Milliyet gazetesinin Ankara bürosunda çalışıyordum...
Henüz Atina’ya gitmemiştim...
22 yaşlarında tıfıl bir gazeteciydim
***
Kendi gazetemin birinci sayfasını, spotlarını, mizanpajını, haber işleyişini beğenmezdim...
Aklım Hürriyet’e giderdi hep...
Yakın arkadaşlarımla konuşurken; -“Bakın gazete bu... Nasıl çarpıcı koyuyor manşetleri... Genel Yayın Yönetmeni haberi kokluyor... Manşeti patlatıyor...” derdim...
***
-“Fakat adam, çok despotmuş” derlerdi...
-“Gece yarılarına kadar milleti dikiyormuş... Doğru düzgün haber getirmeyeni, acayip fırçalıyormuş... Onunla çalışmak çok zormuş...” diye konuşurlardı...
***
Onlar bu konuşmalarıyla beni Çetin Emeç’ten soğutacaklarını zannederlerdi...

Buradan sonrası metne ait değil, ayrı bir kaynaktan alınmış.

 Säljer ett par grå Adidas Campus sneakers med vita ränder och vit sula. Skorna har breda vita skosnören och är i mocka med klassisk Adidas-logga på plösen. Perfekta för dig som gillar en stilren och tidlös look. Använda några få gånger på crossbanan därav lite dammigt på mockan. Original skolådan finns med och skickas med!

Oysa ben hiç tanımadığım gibi, aynı gazetede çalışmadığım bu adama daha fazla tapardım...
-“Gazeteci böyle olur... Orası Kamu İktisadi Teşekkülü değil...” derdim...
***
Gel zaman git zaman, bir gün Milliyet gazetesinin başına Çetin Emeç’in geleceğini söylediler bize...
Ankara büro haber üzerine, ip gibi gerildi...

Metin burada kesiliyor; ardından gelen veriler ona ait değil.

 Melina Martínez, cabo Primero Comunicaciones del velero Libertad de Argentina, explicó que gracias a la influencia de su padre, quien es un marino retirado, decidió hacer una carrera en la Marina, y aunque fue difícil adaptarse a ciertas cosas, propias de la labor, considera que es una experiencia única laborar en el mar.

Çetin Emeç’le çalışmak, dünyanın en zor şeylerinden biriydi...
Gece 12’de pat diye arar, haber sorardı...
Gecesi, gündüzü, sabahı, akşamı olmazdı...
***
İzin, tatil hak getireydi...
En önemlisi de attığı fırçaların şiddetiydi...

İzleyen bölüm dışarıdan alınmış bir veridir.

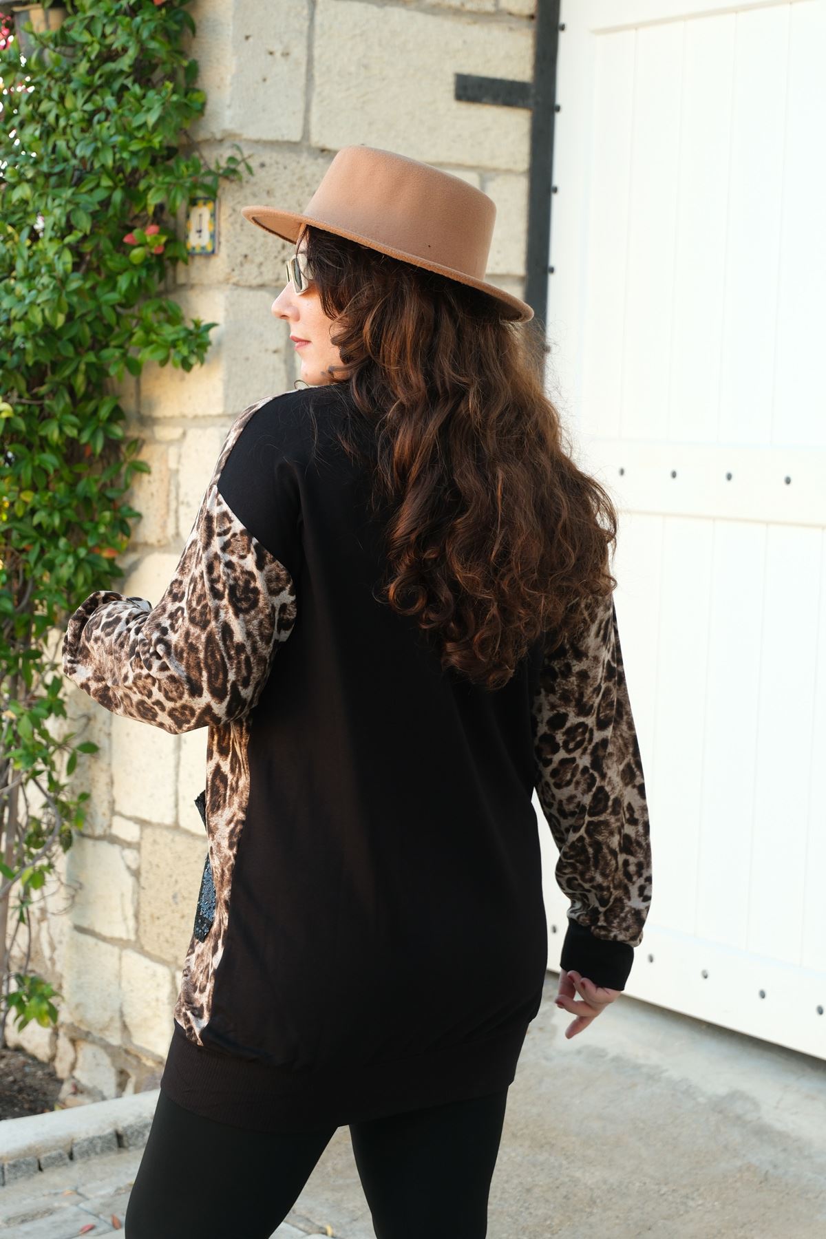RENKTE BÜYÜK BEDEN LEOPAR DESEN PAYETLİ CEKET

Daha gelmeden Çetin Emeç’in Hürriyet’te attığı fırçalar “şehir efsanesi” haline gelmişti...
***
Benimse bu laflar bir kulağımdan girip ötekinden çıkıyordu...
İçim içime sığmıyordu...
Mutluluktan havalara uçuyordum...
Her gün özel haber yapacaktım artık... Haberlerimi manşete taşıyacaktı... Onun ne istediğini biliyordum, ben de genç ve o tipte bir gazeteciydim ve öyle haber yapıyordum...
*****
MİLLİYET’İN PATLAYAN TİRAJI...
Çetin Emeç’in gelişiyle birlikte gazetenin tirajı 100’er bin 100’er bin artmaya başladı... İnanılmaz bir şekilde patlıyordu tiraj...
***
İki günde bir özel haberlerim manşetleri süslüyordu...
Genceciktim...
Ne ben doyuyordum haberlerimle manşet olmaya...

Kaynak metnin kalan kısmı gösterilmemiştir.